Each entry has to be given again in its exact wording, and no picture may appear in the result.
■ ■ ■ ■ ■
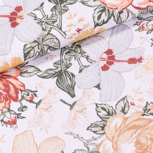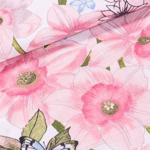 Bavlněná látka (tkanina) se vzorem růžových růžiček na bílém podkladu. Látka je v šířce 140 cm, vyrobena ze 100% bavlny (gramáž 120g/m2) v plátnové vazbě. Vzor látky je jen z jedné strany, z druhé strany je bez potisku.
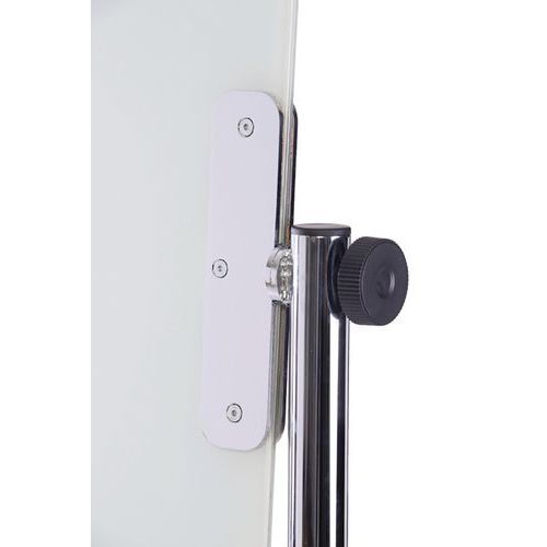 Glazen oppervlak met magnetische eigenschappen. Horizontaal kantelbaar. Bord met 4 wielen met rem.
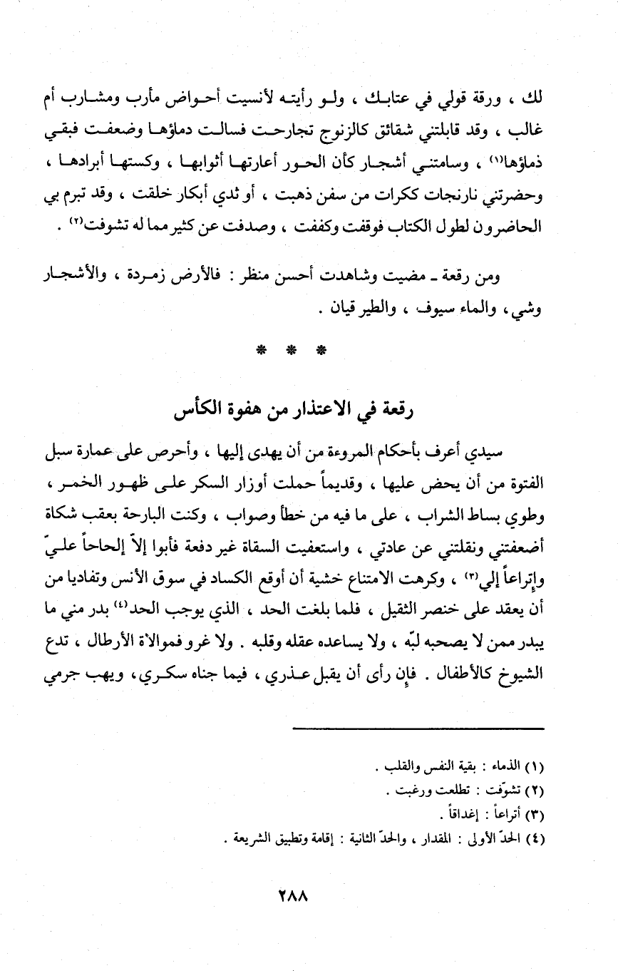 سَيِّدي أعرف بِأَحْكَام الْمُرُوءَة من أَن يهدى إِلَيْهَا وأحرص على عمَارَة سبل الفتوة من أَن يحض عَلَيْهَا وقديما حملت أوزار السكر على ظُهُور الْخمر وطوي بِسَاط الشَّرَاب على مَا فِيهِ من خطأ وصواب وَكنت البارحة بعقب شكاة أضعفتني ونقلتني عَن عادتي واستعفيت السقاة غير دفْعَة فابوا إِلَّا إلحاحا عَليّ وإتراعا إِلَيّ وكرهت الإمتناع خشيَة أَن أوقع الكساد فِي سوق الْأنس وتفاديا من أَن يقْعد على خنصر الثقيل فَلَمَّا بلغت الْحَد الَّذِي يُوجب الْحَد بدر مني مَا يبدر مِمَّن لَا يَصْحَبهُ لبه وَلَا يساعده عقله وَقَلبه
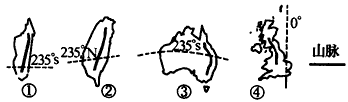 2、单选题 读世界某些岛屿或大陆轮廓分布图,判断1—3题。
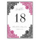 Elegant hot pink and black wedding table number card featuring delicate floral lace.
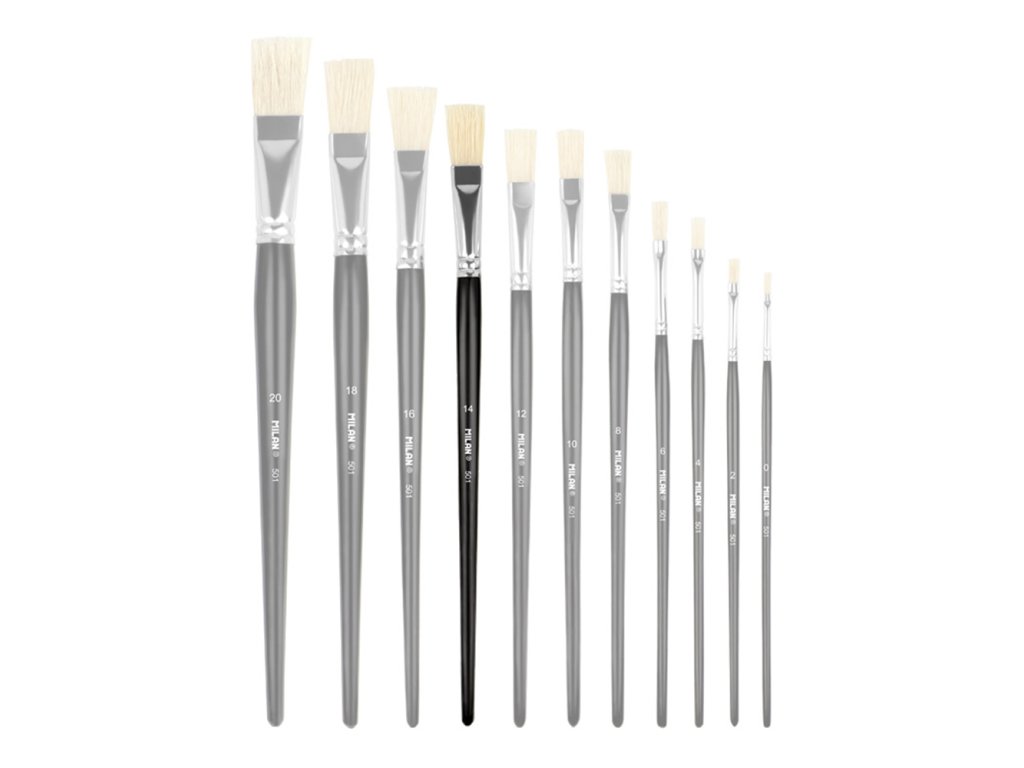 Plochý štětec č. 14 z přírodních prasečích štětin, s černou lakovanou rukojetí ze dřeva se stříbrným bezešvým kováním, je díky odolnosti a pevnosti vlasu vhodný pro víceúčelové použití. Určený pro malování na nejrůznější povrchy a druhy technik, při ručníDoplňkové parametry
■ ■ ■ ■ ■
RESPONSE TO THIS EXERCISE:
 Bavlněná látka (tkanina) se vzorem růžových růžiček na bílém podkladu. Látka je v šířce 140 cm, vyrobena ze 100% bavlny (gramáž 120g/m2) v plátnové vazbě. Vzor látky je jen z jedné strany, z druhé strany je bez potisku.
 Glazen oppervlak met magnetische eigenschappen. Horizontaal kantelbaar. Bord met 4 wielen met rem.
 سَيِّدي أعرف بِأَحْكَام الْمُرُوءَة من أَن يهدى إِلَيْهَا وأحرص على عمَارَة سبل الفتوة من أَن يحض عَلَيْهَا وقديما حملت أوزار السكر على ظُهُور الْخمر وطوي بِسَاط الشَّرَاب على مَا فِيهِ من خطأ وصواب وَكنت البارحة بعقب شكاة أضعفتني ونقلتني عَن عادتي واستعفيت السقاة غير دفْعَة فابوا إِلَّا إلحاحا عَليّ وإتراعا إِلَيّ وكرهت الإمتناع خشيَة أَن أوقع الكساد فِي سوق الْأنس وتفاديا من أَن يقْعد على خنصر الثقيل فَلَمَّا بلغت الْحَد الَّذِي يُوجب الْحَد بدر مني مَا يبدر مِمَّن لَا يَصْحَبهُ لبه وَلَا يساعده عقله وَقَلبه
 2、单选题 读世界某些岛屿或大陆轮廓分布图,判断1—3题。
 Elegant hot pink and black wedding table number card featuring delicate floral lace.
 Plochý štětec č. 14 z přírodních prasečích štětin, s černou lakovanou rukojetí ze dřeva se stříbrným bezešvým kováním, je díky odolnosti a pevnosti vlasu vhodný pro víceúčelové použití. Určený pro malování na nejrůznější povrchy a druhy technik, při ručníDoplňkové parametry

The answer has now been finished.